Summary: | Problem with Jsp character encoding configuration | ||
---|---|---|---|
Product: | Tomcat 8 | Reporter: | Lazar Kirchev <lazar.kirchev> |
Component: | Jasper | Assignee: | Tomcat Developers Mailing List <dev> |
Status: | RESOLVED FIXED | ||
Severity: | normal | ||
Priority: | P2 | ||
Version: | 8.5.11 | ||
Target Milestone: | ---- | ||
Hardware: | PC | ||
OS: | All | ||
Attachments: |
The two sample applications reproducing the problems
A sample reproducing the problem with exotic encoding Sample war with jspx in exotic encoding Correct war for reproducing the exotic encoding problem |
Description
Lazar Kirchev
2017-02-23 08:16:44 UTC
Yes, there was a regression in the refactoring. The detected BOM encoding was incorrectly taking precedence over the prolog specified encoding (if any). Thanks for the report and the test case. Created attachment 34908 [details]
A sample reproducing the problem with exotic encoding
Hello Marc, I noticed that the second scenario is still failing if the encoding is more exotic - I tried with IBM871 - IBM EBCDIC (Icelandic). I debugged a little and noticed that EncodingDetector.getPrologEncoding() returns null although there is an encoding attribute specified in the prolog. Then the if on lines 67 - 73 in EncodingDetector goes in the second branch as if there is no encoding specified in the prolog. I attach sample2.war, with which I reproduced it. It is essentially the same as sample1.war, only the encoding in enctest.jspx is IBM871. Probably this is an issue with the XMLStreamReader? I've done some further testing and fixed an unrelated bug but as for as unusual encodings go, they have to be specified in the prolog else the JRE's XML parser doesn't have enough information to be able to reliably determine the encoding. The content of the enctest.jspx is: <?xml version="1.0" encoding="IBM871"?> <html xmlns:jsp="http://java.sun.com/JSP/Page"> <jsp:directive.page pageEncoding="IBM871" /> <jsp:output omit-xml-declaration="no"/> <body> You should see this text. </body> </html> So actually there is an encoding attribute in the prolog. For some reason JRE XML parser does not detect it correctly. On the other hand, the deprecated XMLEncodingDetector from before the refactoring, which parsed the files itself, correctly detects the encoding from the prolog - for example, with Tomcat 8.5.4 the sample works correctly. I apologise for that my second attachment is an incorrect one - I noticed that by mistake I have attached the second war from the first attachment instead of the problematic war with IBM871 encoding. I attach now the correct one with name encsample.war Created attachment 34913 [details]

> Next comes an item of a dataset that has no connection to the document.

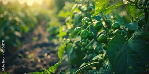 Young green pepper drupes on the vine in a rustic farm environment.
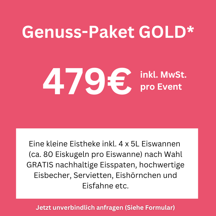 Erlebe den ultimativen Eisspaß mit unserem Genuss-Paket GOLD! Dieses Paket beinhaltet eine kleine Eistheke, die mit 4 x 5L Eiswannen gefüllt ist – das entspricht ca. 80 Eiskugeln pro Wanne! Du hast die freie Wahl bei der Auswahl deiner Lieblingssorten. Zusätzlich erhältst du GRATIS nachhaltige Eisspaten, hochwertige Eisbecher, Servietten, Eishörnchen und eine Eisfahne, um dein Event perfekt zu gestalten. Lass dir diese köstliche Gelegenheit nicht entgehen und frage jetzt unverbindlich über unser Formular an!

Sample war with jspx in exotic encoding
Comment on attachment 34913 [details]
Sample war with jspx in exotic encoding
Invalid jspx file within.
Created attachment 34914 [details]
Correct war for reproducing the exotic encoding problem
Thew "unrelated bug" I fixed appears to have fixed the issue you were seeing. The fix is r1791298. If you can test with 9.0.x trunk or 8.5.x trunk to confirm that would be great. Thanks Mark! I tried the fix from 8.5 trunk and it works. Something I noticed while debugging, probably it is not a problem, but I prefer to mention it: In EncodingDetector's constructor, on line 61 (https://github.com/apache/tomcat85/blob/c29a2b45f57e481380d88a8fa0c6f4f0f242aca1/java/org/apache/jasper/compiler/EncodingDetector.java#L61) The buffered input stream is being reset, but on the next lines the number of bytes which should be skipped are read from the initial input stream and not from the buffered input stream. Is this intended? Because when the buffered input stream is reset, the underlying input stream is not reset and its position stays where it was - e.g., at 4. And then when the bytes which should be skipped are read from it its position goes to e.g. 8. Is this intended? Good catch. That would be a bug. I'll get it fixed. |